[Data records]
==========
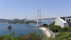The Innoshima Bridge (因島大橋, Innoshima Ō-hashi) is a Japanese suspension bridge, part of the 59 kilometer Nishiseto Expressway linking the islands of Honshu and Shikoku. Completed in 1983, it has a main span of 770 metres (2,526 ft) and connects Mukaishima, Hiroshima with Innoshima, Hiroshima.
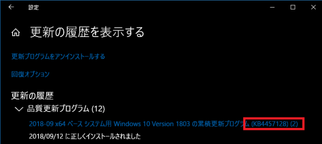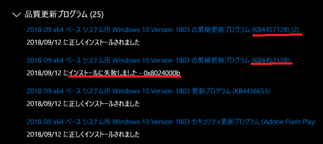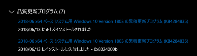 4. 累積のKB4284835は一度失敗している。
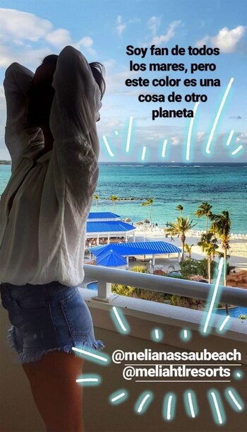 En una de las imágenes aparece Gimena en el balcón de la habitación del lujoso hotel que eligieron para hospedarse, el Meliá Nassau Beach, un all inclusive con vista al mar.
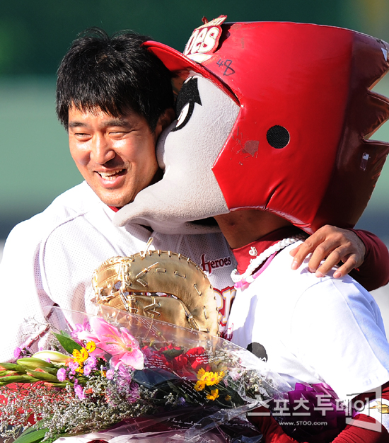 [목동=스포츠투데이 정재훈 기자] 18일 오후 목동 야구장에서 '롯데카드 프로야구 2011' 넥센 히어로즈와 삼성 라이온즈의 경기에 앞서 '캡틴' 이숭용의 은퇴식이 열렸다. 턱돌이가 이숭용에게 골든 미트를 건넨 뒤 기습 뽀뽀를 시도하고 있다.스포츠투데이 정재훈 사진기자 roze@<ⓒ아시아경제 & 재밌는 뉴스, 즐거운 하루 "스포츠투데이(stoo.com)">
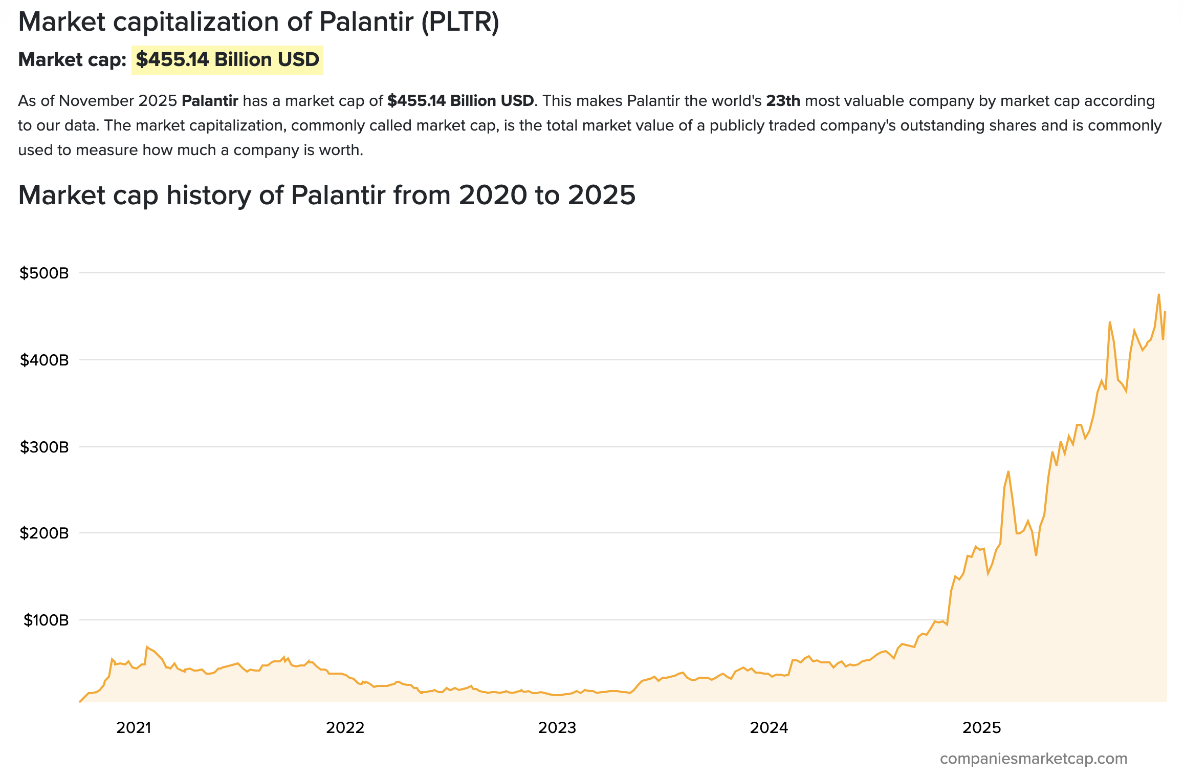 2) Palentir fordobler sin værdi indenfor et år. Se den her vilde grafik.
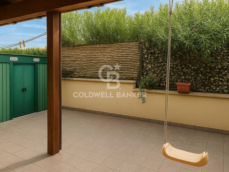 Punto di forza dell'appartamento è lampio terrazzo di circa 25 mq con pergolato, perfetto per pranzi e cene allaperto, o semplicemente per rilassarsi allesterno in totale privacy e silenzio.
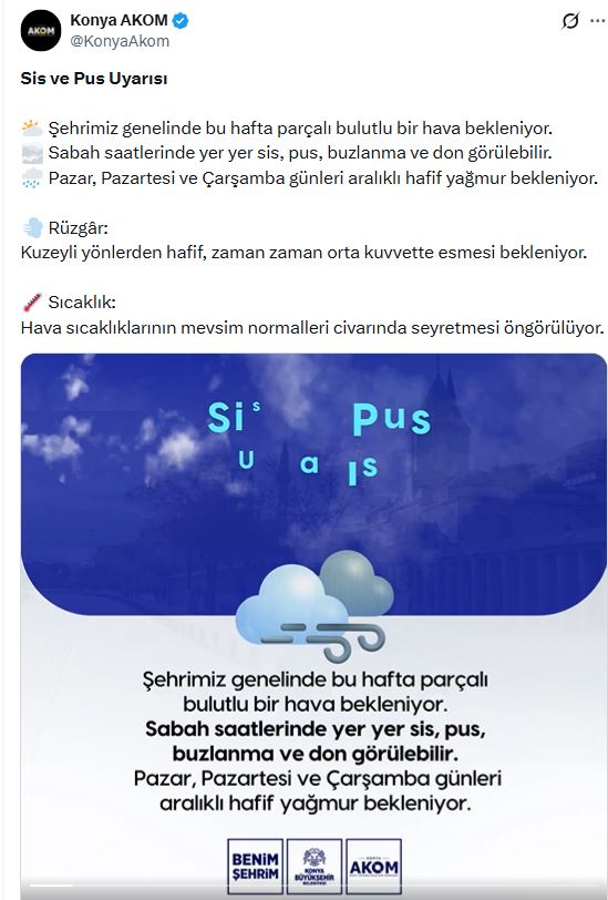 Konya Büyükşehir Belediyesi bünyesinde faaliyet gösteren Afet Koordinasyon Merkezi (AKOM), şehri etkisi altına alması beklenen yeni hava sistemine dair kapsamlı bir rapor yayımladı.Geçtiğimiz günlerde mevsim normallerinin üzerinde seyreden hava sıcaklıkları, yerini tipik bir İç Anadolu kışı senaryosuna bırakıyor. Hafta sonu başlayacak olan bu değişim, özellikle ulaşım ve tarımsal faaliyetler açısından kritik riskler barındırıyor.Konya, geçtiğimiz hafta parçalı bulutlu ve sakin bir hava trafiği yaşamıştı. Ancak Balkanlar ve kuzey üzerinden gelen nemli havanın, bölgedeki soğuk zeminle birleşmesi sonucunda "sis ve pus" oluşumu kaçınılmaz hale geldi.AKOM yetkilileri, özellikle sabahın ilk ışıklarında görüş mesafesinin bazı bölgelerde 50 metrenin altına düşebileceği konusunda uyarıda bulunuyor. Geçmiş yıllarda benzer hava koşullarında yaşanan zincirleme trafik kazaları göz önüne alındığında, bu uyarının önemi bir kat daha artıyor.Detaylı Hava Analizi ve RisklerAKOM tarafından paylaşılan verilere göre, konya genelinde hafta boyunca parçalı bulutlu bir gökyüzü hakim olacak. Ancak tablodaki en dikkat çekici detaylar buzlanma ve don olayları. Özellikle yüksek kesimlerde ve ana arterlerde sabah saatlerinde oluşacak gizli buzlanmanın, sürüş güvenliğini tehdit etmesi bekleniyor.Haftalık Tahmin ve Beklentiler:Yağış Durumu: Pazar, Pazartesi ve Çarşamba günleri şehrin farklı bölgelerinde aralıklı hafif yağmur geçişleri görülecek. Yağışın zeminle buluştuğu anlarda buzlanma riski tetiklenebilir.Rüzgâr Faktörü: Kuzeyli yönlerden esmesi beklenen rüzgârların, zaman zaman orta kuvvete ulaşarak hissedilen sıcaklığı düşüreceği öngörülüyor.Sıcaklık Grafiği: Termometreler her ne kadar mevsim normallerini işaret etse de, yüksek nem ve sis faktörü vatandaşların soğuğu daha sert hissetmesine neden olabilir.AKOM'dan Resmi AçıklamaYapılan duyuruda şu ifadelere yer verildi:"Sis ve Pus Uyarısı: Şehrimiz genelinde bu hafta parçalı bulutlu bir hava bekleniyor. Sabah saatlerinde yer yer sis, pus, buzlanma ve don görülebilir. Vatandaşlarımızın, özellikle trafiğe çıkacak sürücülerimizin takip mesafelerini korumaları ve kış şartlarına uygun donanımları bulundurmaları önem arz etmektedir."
==========
**PROBLEM TO WORK ON**
The data is to be returned exactly as it stands, pictures aside.

**RESULT FOR THIS EXERCISE**
The Innoshima Bridge (因島大橋, Innoshima Ō-hashi) is a Japanese suspension bridge, part of the 59 kilometer Nishiseto Expressway linking the islands of Honshu and Shikoku. Completed in 1983, it has a main span of 770 metres (2,526 ft) and connects Mukaishima, Hiroshima with Innoshima, Hiroshima.
 4. 累積のKB4284835は一度失敗している。
 En una de las imágenes aparece Gimena en el balcón de la habitación del lujoso hotel que eligieron para hospedarse, el Meliá Nassau Beach, un all inclusive con vista al mar.
 [목동=스포츠투데이 정재훈 기자] 18일 오후 목동 야구장에서 '롯데카드 프로야구 2011' 넥센 히어로즈와 삼성 라이온즈의 경기에 앞서 '캡틴' 이숭용의 은퇴식이 열렸다. 턱돌이가 이숭용에게 골든 미트를 건넨 뒤 기습 뽀뽀를 시도하고 있다.스포츠투데이 정재훈 사진기자 roze@<ⓒ아시아경제 & 재밌는 뉴스, 즐거운 하루 "스포츠투데이(stoo.com)">
 2) Palentir fordobler sin værdi indenfor et år. Se den her vilde grafik.
 Punto di forza dell'appartamento è lampio terrazzo di circa 25 mq con pergolato, perfetto per pranzi e cene allaperto, o semplicemente per rilassarsi allesterno in totale privacy e silenzio.
 Konya Büyükşehir Belediyesi bünyesinde faaliyet gösteren Afet Koordinasyon Merkezi (AKOM), şehri etkisi altına alması beklenen yeni hava sistemine dair kapsamlı bir rapor yayımladı.Geçtiğimiz günlerde mevsim normallerinin üzerinde seyreden hava sıcaklıkları, yerini tipik bir İç Anadolu kışı senaryosuna bırakıyor. Hafta sonu başlayacak olan bu değişim, özellikle ulaşım ve tarımsal faaliyetler açısından kritik riskler barındırıyor.Konya, geçtiğimiz hafta parçalı bulutlu ve sakin bir hava trafiği yaşamıştı. Ancak Balkanlar ve kuzey üzerinden gelen nemli havanın, bölgedeki soğuk zeminle birleşmesi sonucunda "sis ve pus" oluşumu kaçınılmaz hale geldi.AKOM yetkilileri, özellikle sabahın ilk ışıklarında görüş mesafesinin bazı bölgelerde 50 metrenin altına düşebileceği konusunda uyarıda bulunuyor. Geçmiş yıllarda benzer hava koşullarında yaşanan zincirleme trafik kazaları göz önüne alındığında, bu uyarının önemi bir kat daha artıyor.Detaylı Hava Analizi ve RisklerAKOM tarafından paylaşılan verilere göre, konya genelinde hafta boyunca parçalı bulutlu bir gökyüzü hakim olacak. Ancak tablodaki en dikkat çekici detaylar buzlanma ve don olayları. Özellikle yüksek kesimlerde ve ana arterlerde sabah saatlerinde oluşacak gizli buzlanmanın, sürüş güvenliğini tehdit etmesi bekleniyor.Haftalık Tahmin ve Beklentiler:Yağış Durumu: Pazar, Pazartesi ve Çarşamba günleri şehrin farklı bölgelerinde aralıklı hafif yağmur geçişleri görülecek. Yağışın zeminle buluştuğu anlarda buzlanma riski tetiklenebilir.Rüzgâr Faktörü: Kuzeyli yönlerden esmesi beklenen rüzgârların, zaman zaman orta kuvvete ulaşarak hissedilen sıcaklığı düşüreceği öngörülüyor.Sıcaklık Grafiği: Termometreler her ne kadar mevsim normallerini işaret etse de, yüksek nem ve sis faktörü vatandaşların soğuğu daha sert hissetmesine neden olabilir.AKOM'dan Resmi AçıklamaYapılan duyuruda şu ifadelere yer verildi:"Sis ve Pus Uyarısı: Şehrimiz genelinde bu hafta parçalı bulutlu bir hava bekleniyor. Sabah saatlerinde yer yer sis, pus, buzlanma ve don görülebilir. Vatandaşlarımızın, özellikle trafiğe çıkacak sürücülerimizin takip mesafelerini korumaları ve kış şartlarına uygun donanımları bulundurmaları önem arz etmektedir."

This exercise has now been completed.